W3C home > Mailing lists > Public > www-international@w3.org > January to March 2009

RE: Handling Aboriginal Languages

From: Phillips, Addison <addison@amazon.com>
Date: Wed, 14 Jan 2009 07:47:37 -0800
To: Brian Cassidy <brian.cassidy@gmail.com>, "www-international@w3.org" <www-international@w3.org>
Message-ID: <4D25F22093241741BC1D0EEBC2DBB1DA017D23B03C@EX-SEA5-D.ant.amazon.com>
Hello Brian,

I am not an expert on Canadian Aboriginal languages, so don't know the full answer to your question, as I'm not familiar with the specific languages and dialects in question. However, I do have some information and advice for you.

First, using a "font cheat" is a Very Bad idea on a couple of levels.

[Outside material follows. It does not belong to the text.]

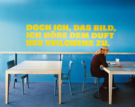 MARGHERITA SPILUTTINI Kunst Dokumente born 1947 in Schwarzach im Pongau, Lives and works in Vienna. Numerous exhibitions e.g.: Secession Vienna, Galerie Faber Vienna, Pratt Institut New York, Museum f�r Gestaltung Z�rich, Steirischer Herbst Graz, Fotogalerie Vienna, Fotohof Salzburg, Architekturgalerie Berlin, Technisches Museum Vienna, Architekturgalerie Luzern, Galerie Dittmar Berlin, Architectural Association London, Arqueria de Nuevos Ministerios Madrid, Architekturzentrum Vienna. Kunst Dokumente shows Margherita Spiluttini�s subtle view on works of different artists in different spaces. no representation, rather mere documents of rooms, situations, photographed in passing. Let us assume that we are not dealing with two different realities in photography, but only with one which merely invades our brain through the retina from two different positions. It would be conceivable that the retinal image makes less of a difference between the original and its representation than we might imagine. Even a switch of realities, a mix-up, an exchange of identities would be conceivable, such as a photo which more closely reflects the reality of the original than any accidental retinal image of the original. How else would it be conceivable that people come to see things only after they have been photographed? How else would it be possible for photography to continually conquer new areas, or views, of reality? - It is, then, that the good photographer is a deceiver, a reality monger? Friedrich Achleitner, from: �ber das Abbild und das Abgebildete, Vienna 1985 and 2007 Third Room: JACQUELINE CHANTON Repr�sentanten born 1957 in Luzern, lives and works in Vienna. Trained in Restoration at Kunstgewerbeschule Bern, Studies of Painting and Sculpture in Luzern and under Bruno Gironcoli, Academy of Fine Arts Vienna. Numerous exhibitions e.g.: Scharfes Auge, Christine K�nig Galerie, Vienna; Follow the leader, Projekt Ines Doujak, Secession, Vienna and MACBA, Barcelona; Witte de With, Rotterdam; Tiere in der Gro�stadt, Museum Hermesvilla Vienna; Phantom der Lust, Neue Galerie Graz; Inside Outside, Neue Galerie Studio, Graz. You have to aim at developing a distinctive style and authenticity if you want to get somewhere, this is what critics often demand from artists. History sustains this theory. If you look at a painting by Andy Warhol or a sculpture by Alberto Giacometti, people refer to it as "a Warhol" or "a Giacometti". At this moment, the artwork becomes the representative of the artist. If additionally there is a portrait of the artist himself, one obtains two representatives of one person. You could talk about a heraldic and a natural image now. By now, when the name "Warhol" comes up, people think of the countless icons of Pop-Art. Also Picasso's blue-and-white striped t-shirt is nearly as famous and on the spot as his Le Demoiselles d'Avignon. Jacqueline Chanton shows both, her painted portrait of the artist and also his work painted by her. She proves the fact that we live in the midst of images. The photographical portraits of various artists can be seen as a part of mass culture � as mass pictures/images. Because of their almost inflationary use, in comparison to real artworks, they turned into icons themselves. Hence Chanton�s work is an examination of a very present fact, namely the change within the culture of images/pictures. The actual artwork and the photo portrait of the artist who made it, converge. The trivial and mass cultural field of image creation expands more and more. With the invention of �image machines� a procedure was opened, which philosophers like G�nther Anders or Jean Baudrillard hold responsible for the fact that the world became an image. Jacqueline Chanton seems to show this in an elementary way. Today "a Picasso" is both, a painting and the artist himself, both are images for us. G�nther Holler-Schuster, 2007 MARGHERITA SPILUTTINI geb. 1947 in Schwarzach im Pongau, lebt und arbeitet in Wien. Zahlreiche Einzelausstellungen, u.a Secession Wien, Galerie Faber Wien, Pratt Institut New York, Museum f�r Gestaltung Z�rich, Steirischer Herbst Graz, Fotogalerie Wien, Fotohof Salzburg, Architekturgalerie Berlin, Technisches Museum Wien, Architekturgalerie Luzern, Galerie Dittmar Berlin, Architectural Association London, Arqueria de Nuevos Ministerios Madrid, Architekturzentrum Wien. Margherita Spiluttini zeigt in der Ausstellung Kunst Dokumente erstmals eine Serie von Fotografien, die ausschliesslich ihren Blick auf die Werke anderer bildender K�nstler zeigt. Scheinbar Nebens�chliches, Fl�chtiges, Periph�res, Verstecktes, Ausschnitthaftes, wie im Vor�bergehen aufgenommen. Keine Repr�sentation, sondern vielmehr Dokumente von Orten und Situationen, die sie interessierten. �Nehmen wir an, wir h�tten es bei der Fotografie nicht mit zwei Wirklichkeiten, mit zwei Ebenen oder Qualit�ten von Wirklichkeit zu tun, sondern nur mit einer, die nur von zwei verschiedenen Positionen ausgehend �ber die Netzhaut in unser Gehirn eindringt. Es w�re denkbar, dass das Bild auf der Netzhaut zwischen dem Original und dem Abbild gar nicht so viel Unterschied macht, wie wir uns das vorstellen. Ja es w�re sogar ein Wechsel zwischen diesen Wirklichkeiten, eine Verwechslung, ein Austausch der Identit�ten im Gehirn denkbar: ein Foto etwa, das der Wirklichkeit des Originals mehr entspricht als das zuf�llige Bild vom Original auf der Netzhaut. Wie w�re es sonst denkbar, dass Menschen erst Dinge sehen, nachdem sie fotografiert wurden? Wie w�re es sonst m�glich, dass die Fotografie immer neue Bereiche der Wirklichkeit oder Sehweisen der Wirklichkeit erobert? � Der gute Fotograf ist also ein T�uscher, ein T�uschler von Wirklichkeit?� Friedrich Achleitner, aus: �ber das Abbild und das Abgebildete, Wien 1985 und 2007 Third Room: JACQUELINE CHANTON geb. 1957 in Luzern, lebt und arbeitet seit 1987 in Wien. Ausbildung zur Restauratorin in Bern,

While it does produce a web site, only members of the community with access to the font can see/read it: it requires additional technical sophistication to make the site accessible. Search engines and other common web tools cannot read the site, etc. So Font-based encodings may actually harm minority language communities, as a result.

Second, I note that the characters displayed on the web site in question are all Latin-script characters encoded in Unicode. So if that is a real example of the languages's writing system or transcription, you should have no problem using UTF-8 for your site encoding. You may need to develop (for example) a custom keyboard map to make it easier to input the language(s).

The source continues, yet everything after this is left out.